The newly destructed storefronts are especially dear to many longtime residents of this small city who spent their youth in Gatesville during the ‘50s. The antique shop perhaps remembered most fondly when it was City Drug Store, was a popular hangout for many the city’s youth.

“That was my first job after I got married,” said Patsy Ray, a 73-year-old nurse who had worked as a soda jerk in the drugstore in the 1952. “I got $12 a week.”

Though City Drug was not a regular hangout for Davis, he knew the town’s teenage social circles in the ‘50s well.

“All the kids had their drug stores for their cliques,” he said. “I went to Foster’s. City Drug was usually where the girls went.”

Today the square is a mix of both old and new/vacant and occupied. The destroyed buildings sat on the same street as a video production office, a cosmetic tattoo parlor and a floral shop that had been in business since the 1800s as well as abandoned buildings.

“Several of those building are just now being put on the market for sale,” said Paul Gately, who has served on the board of directors for the Coryell Museum and Historical Center and on the Coryell County Historical Commission for a number of years. “A lot of that has to do with the fact that the old owners didn’t operate their businesses but didn’t want to sell their buildings.”

Gately said that the destruction of the buildings on Main Street may the beginning of a revitalization for the area.

“It could be the best thing that have ever happened,” he said. “It might make all these folks really start to take care of their buildings.”

As for one building around those that fell, a bleaker fate may be in store.

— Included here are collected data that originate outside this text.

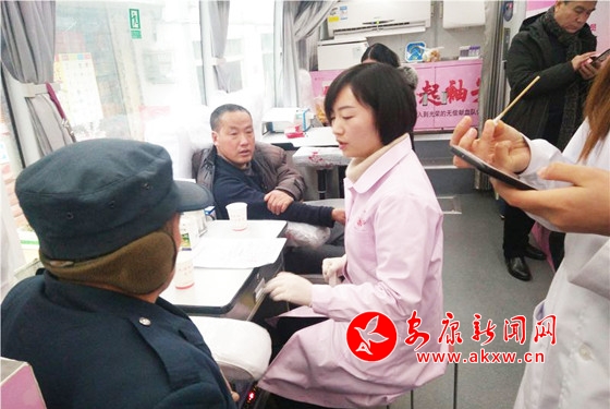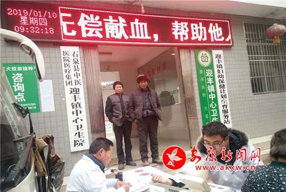 1月10日,天空飘着雪花,活动现场的献血车前,迎丰镇中心卫生院党员职工干部和排队献血的群众有序进入献血车,涓滴血液被抽取出来,汇集在一起。大多数献血者是初次献血,他们却一点儿也不紧张、不恐惧。纷纷表示献血是光荣的行动,愿意为需要的人做一些贡献。
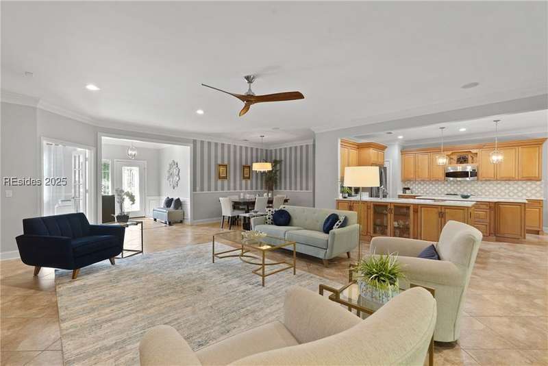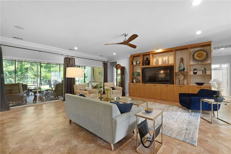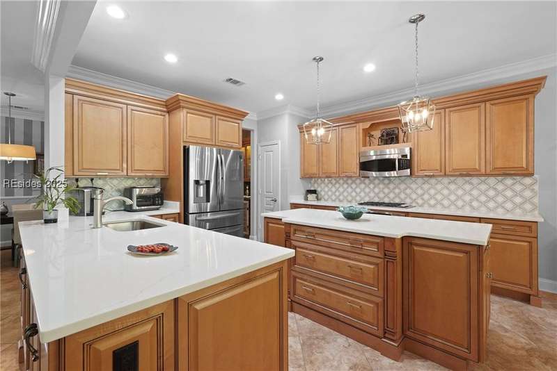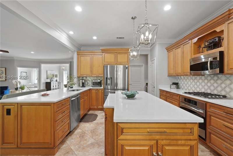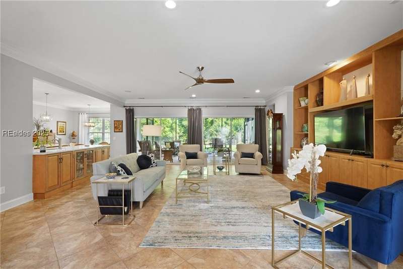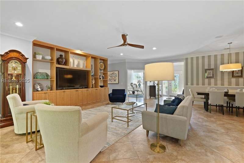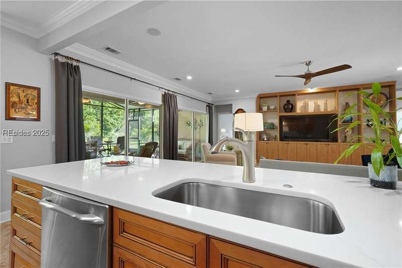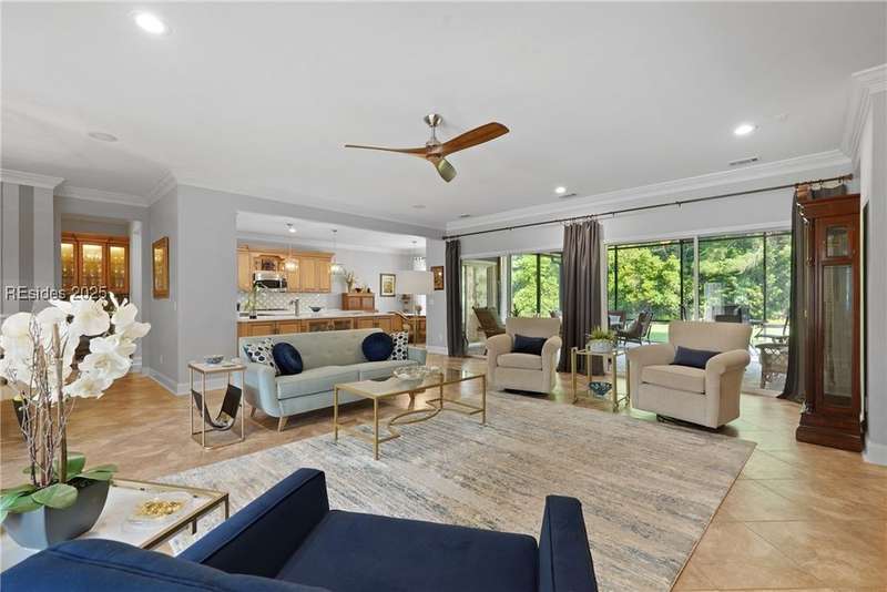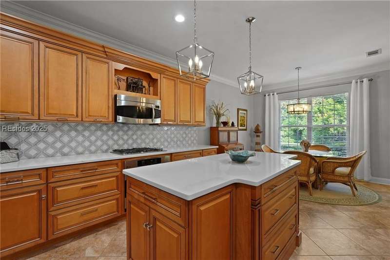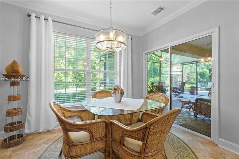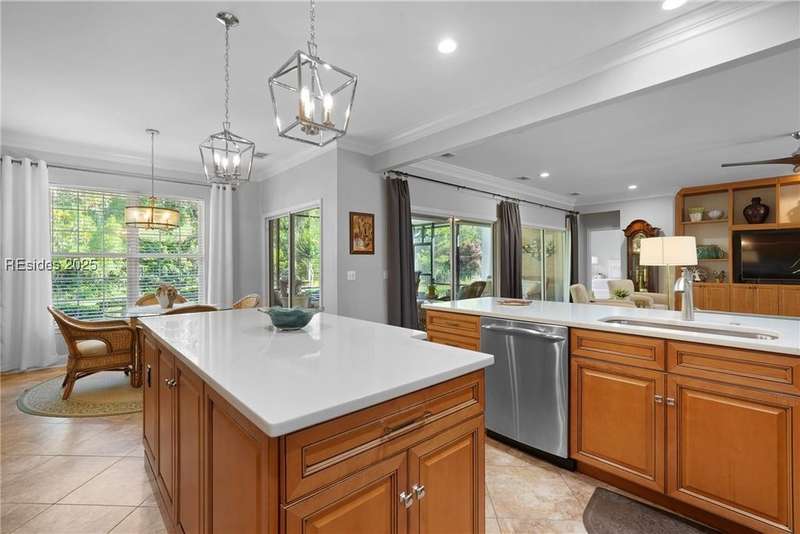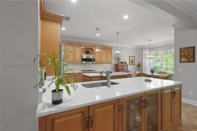 Stunning Dogwood in prime location. Pavered walkway leads to stain glass door and custom tiled foyer. Tile floors in living areas, carpet in bedrooms, smooth ceilings and crown molding. Kitchen boasts new custom cabinets, hardware, quartz countertops, SS appl, tile backsplash, lg center island & breakfast nook. Dining area, dry bar with wine frig, and family room with custom built-ins. Primary suite with tiled, walk-in shower, raised vanities, beautiful lighting. Lg guest room, bath & den with built-ins. Enjoy the oversized screened porch & patio with serene, wooded view. Room for a pool. Extra cabinets in laundry and A/C in garage.
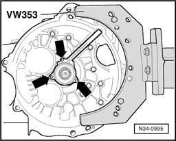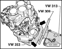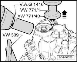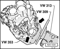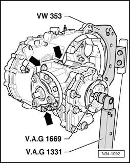 - Pull off transmission housing from clutch housing direction of - arrow - using slide hammer VW 771.
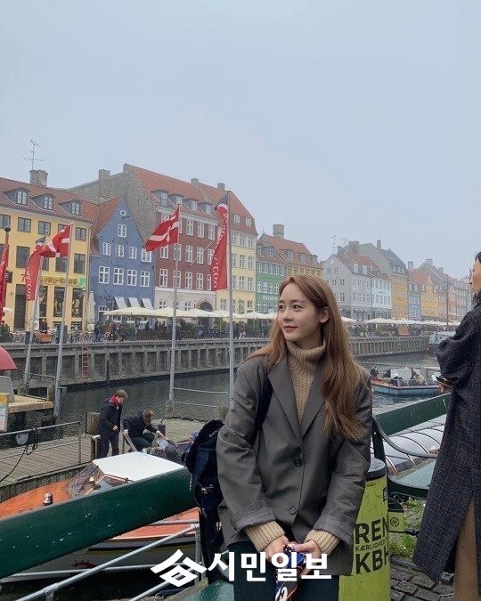 공개된 사진 속 성유리는 멋스런 강변길을 걸으며 한 곳을 바라보고 있다.
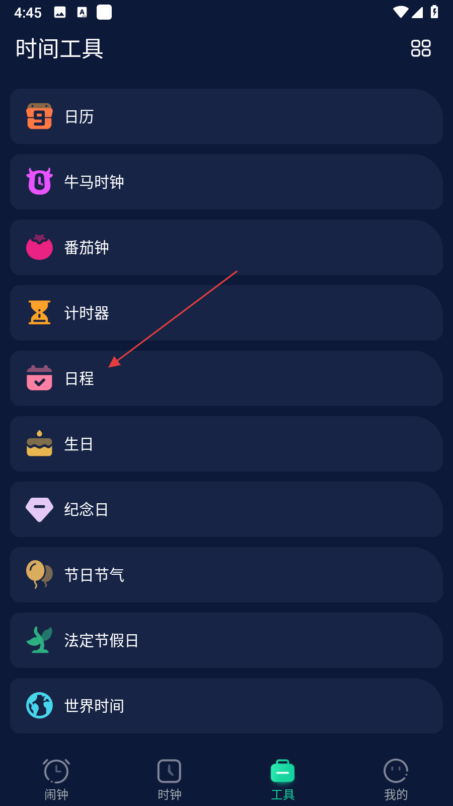 2、在时间工具页面中,找到日程选项并点击,进入日程列表页面。
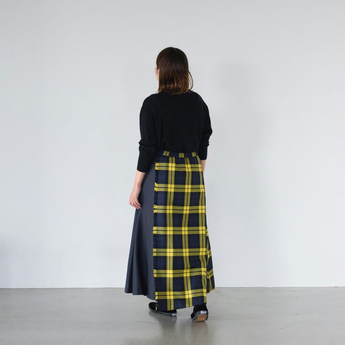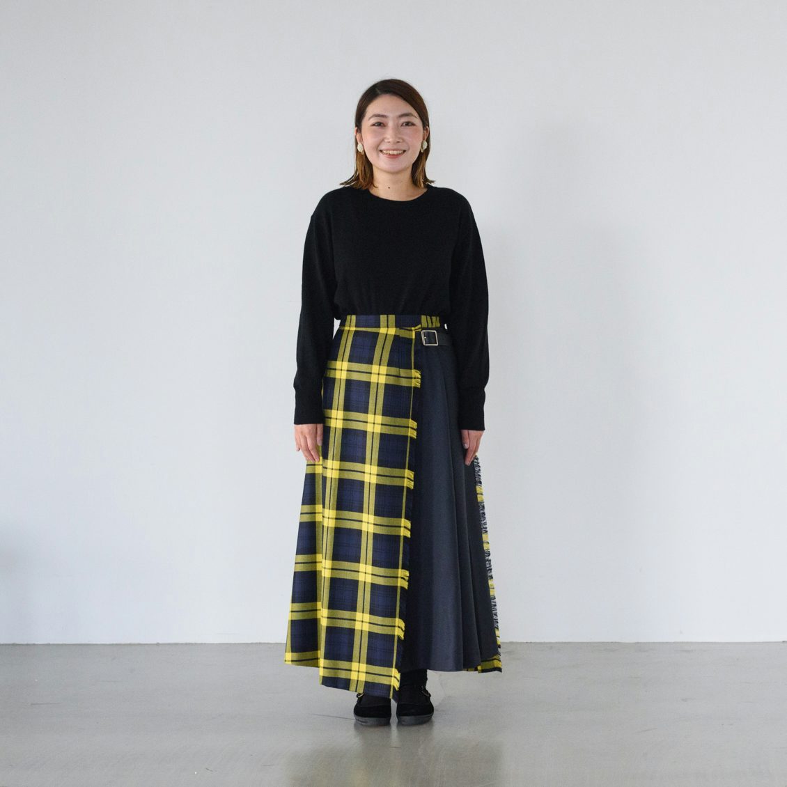 私が持っているアウターはネイビーなので、冬はダークトーンになりがちなのですが、こういう主役級のスカートが1枚あると重宝しそうです」

Gately said City Manager Roger Mumby told his wife, City Attorney Sandy Gately, that engineers had decided that the building to the west, which housed the Coryell County Appraisal’s Office would likely have to be re-engineered, if not demolished.

“Timbers that are 120 years old deteriorate,” Gately said.

And for residents like Davis, that kind of change is admittedly inevitable but nonetheless humbling reminder of the past.

“It was just sort of a different time,” he said. “I don’t know what we did, but I know we never went bored.”